Una de las pocas imágenes en las que las lecturas heredadas se contradicen sin disimulo, y donde el trabajo lo hace el suelo y no el cielo.
Con el terremoto las fuentes antiguas se pelean más que con casi cualquier otro paisaje. Una línea lo entiende como sacudida y pérdida de apoyo, un golpe que llega desde abajo; otra lo entiende como una construcción que ya estaba mal y termina viniéndose abajo, algo más cercano al alivio que al desastre. Las dos llevan siglos por escrito y ninguna anuncia un temblor ni ninguna otra cosa.
La tormenta, la riada y el incendio llegan de un sitio que puedes mirar. El terremoto se distingue en que lo que cede es aquello sobre lo que estabas de pie, y ahí está toda su fuerza simbólica. Los repertorios viejos lo relacionan con las partes de una vida que se dan por supuestas en lugar de revisarse: un trabajo que iba a estar siempre, un reparto familiar que nadie había cuestionado, una idea sobre quién eres que nunca hizo falta poner a prueba.
Quien tiene este sueño suele describir el rato posterior más que la sacudida: mirar las grietas desde la calle, comprobar si un edificio concreto sigue en pie, contar quién está. Ese acento se lee como un sueño sobre lo que quieres que sobreviva a un cambio, más que sobre el cambio en sí. Qué edificio buscaste primero acaba siendo el dato más revelador de toda la escena.

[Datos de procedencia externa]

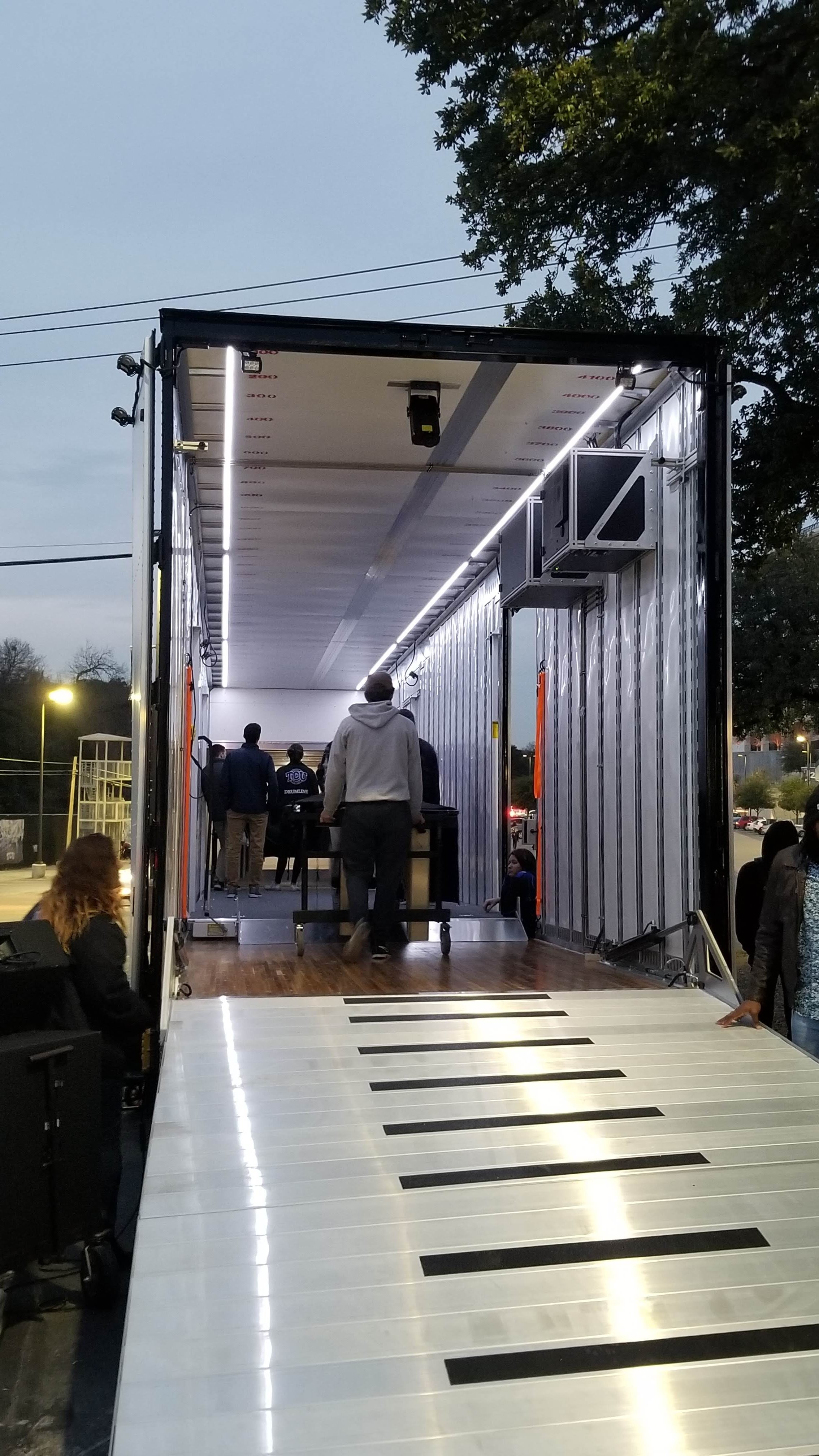 TCU Marching Band Semi Equipment Trailer Night loading LED Lighting Hydraulic Aluminum Ramp Post author By Tyler Hadley Post date April 26, 2019

Esta ficha está escrita para un lector cualquiera y no vale igual para todo el mundo. Quien ha pasado un terremoto en Chile, México, Turquía, Japón o cualquier otro sitio con fallas activas sueña desde el recuerdo y no desde la metáfora, y el recuerdo manda sobre cualquier símbolo. Lo mismo cabe decir de quien creció oyendo contar uno en casa. En ese caso el sueño está haciendo el trabajo corriente de digerir algo real, y archivarlo como cambio laboral sería desaprovecharlo.